Raman spectroscopy is a promising new tool for noninvasive, real-time diagnosis of tissue abnormalities. Here, we show evidence
of its application for cancer diagnosis in four distinct tissue types: skin, breast, gastrointestinal tract, and cervix. Multivariate
statistical analysis and discrimination algorithms allow for automated classification of the spectra into clinically relevant
pathological categories using histology as a gold standard. Although limitations exist, the technique shows every indication
of being an exciting prospect in the management of cancer in a clinical setting.
Optical spectroscopy has been around for many years and traditionally has been applied to a number of diverse fields, including
analytical chemistry, geology, and even art history. Over the past 20–25 years, the use of optical spectroscopy for biomedical
applications has grown significantly. Its attractiveness comes from its ability to provide quantitative information about
the biochemical and morphological states of tissue in a minimally invasive or noninvasive manner. Spectra typically are collected
with fiber-optic probes and charge-coupled device (CCD) cameras, and diagnostic algorithms have been developed to discriminate
between different categories of tissue. Of the many optical spectroscopic techniques, fluorescence spectroscopy was one of
the first to be developed as a diagnostic tool for a variety of diseases including cancers and plaques, as well as other conditions
such as burns. However, although fluorescence spectroscopy can differentiate between normal tissue and disease (cancer) successfully,
it suffers from a lack of specificity when differentiating between multiple nonnormal groups. Diffuse reflectance spectroscopy
provides valuable structural information by determining tissue optical properties. The lack of information regarding tissue
biochemistry makes this method generally insufficient by itself for tissue diagnosis. In recent years, Raman spectroscopy
has garnered a great deal of interest in disease diagnosis, particularly cancer, because of its ability to provide molecular
specific information about tissues.
Raman scattering is an inelastic scattering process that occurs when an electron enters a virtual excited state due to an
incident photon, then falls back to a higher or lower vibrational energy level with accompanying release of a new photon.
The energy transfer is proportional to a specific vibrational mode of the molecule, so Raman spectra are independent of excitation
wavelength, and the change in energy between the incident and released photon is displayed as relative wavenumbers (1/wavelength).
Raman spectral peaks tend to be narrow, particularly in the fingerprint region of about 700–2000 cm–1 , and each peak can be associated with specific vibrations in molecular bonds. Thus, this technique provides biochemical
information about a sample, including conformations and concentrations of constituents with the level of detail that is determined
by the instrumentation and the need of the application (1).
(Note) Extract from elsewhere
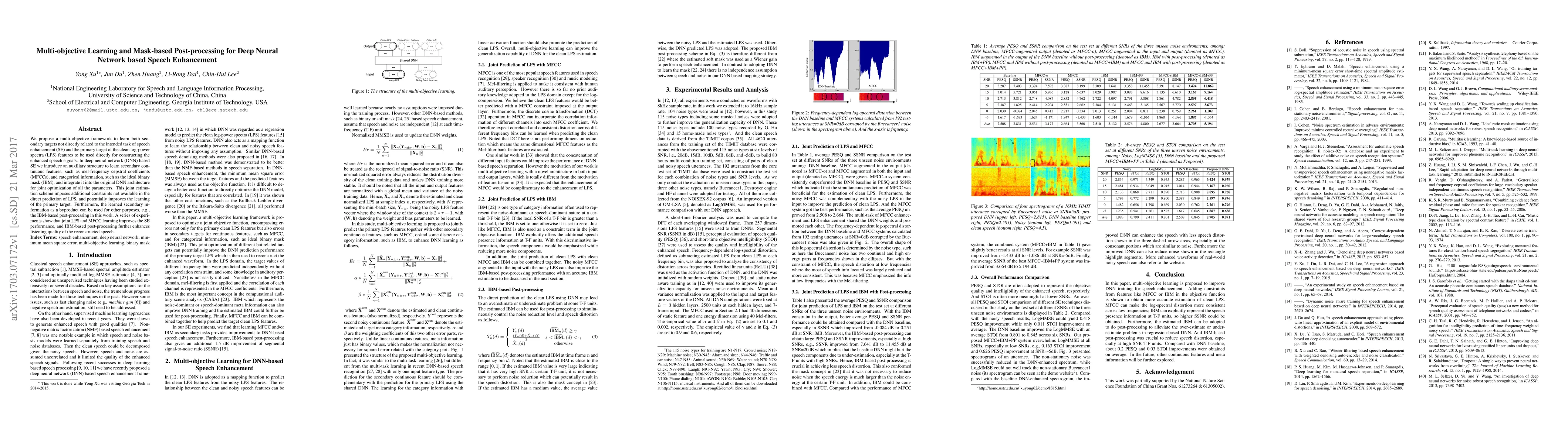 This paper proposes a multi-objective learning framework for deep neural networks to enhance speech by optimizing both clean log-power spectra features and secondary targets like MFCCs and ideal binary masks. The integration of these objectives improves speech enhancement performance and post-processing further boosts listening quality.

Over the years, different forms of Raman spectroscopy have been developed and used for biological applications. The earliest
of these is Fourier transform (FT)–Raman spectroscopy, a method that measures Raman spectra with high signal-to-noise ratio
(S/N) and minimal fluorescence interference and has been used for many in vitro applications. The typically long integration
times and bulky instrumentation negate this technique for in vivo use. Ultraviolet resonance Raman (UVRR) spectroscopy can
be used to target specific molecules by selecting excitation wavelength at their resonance, thus yielding strong Raman signals.
The high excitation intensities and mutagenicity of UV light prevent the application of this technique for in vivo use. Surface-enhanced
Raman spectroscopy (SERS) is an excellent technique that can detect molecular signatures in trace amounts and has been pursued
for such applications as biochips. However, the use of silver and other such elements for enhancement prevents its implementation
in vivo. Thus, near-infrared (NIR) dispersive Raman spectroscopy, in which NIR excitation minimizes fluorescence and absorption
by tissue, has been the technique of choice for in vivo applications (1).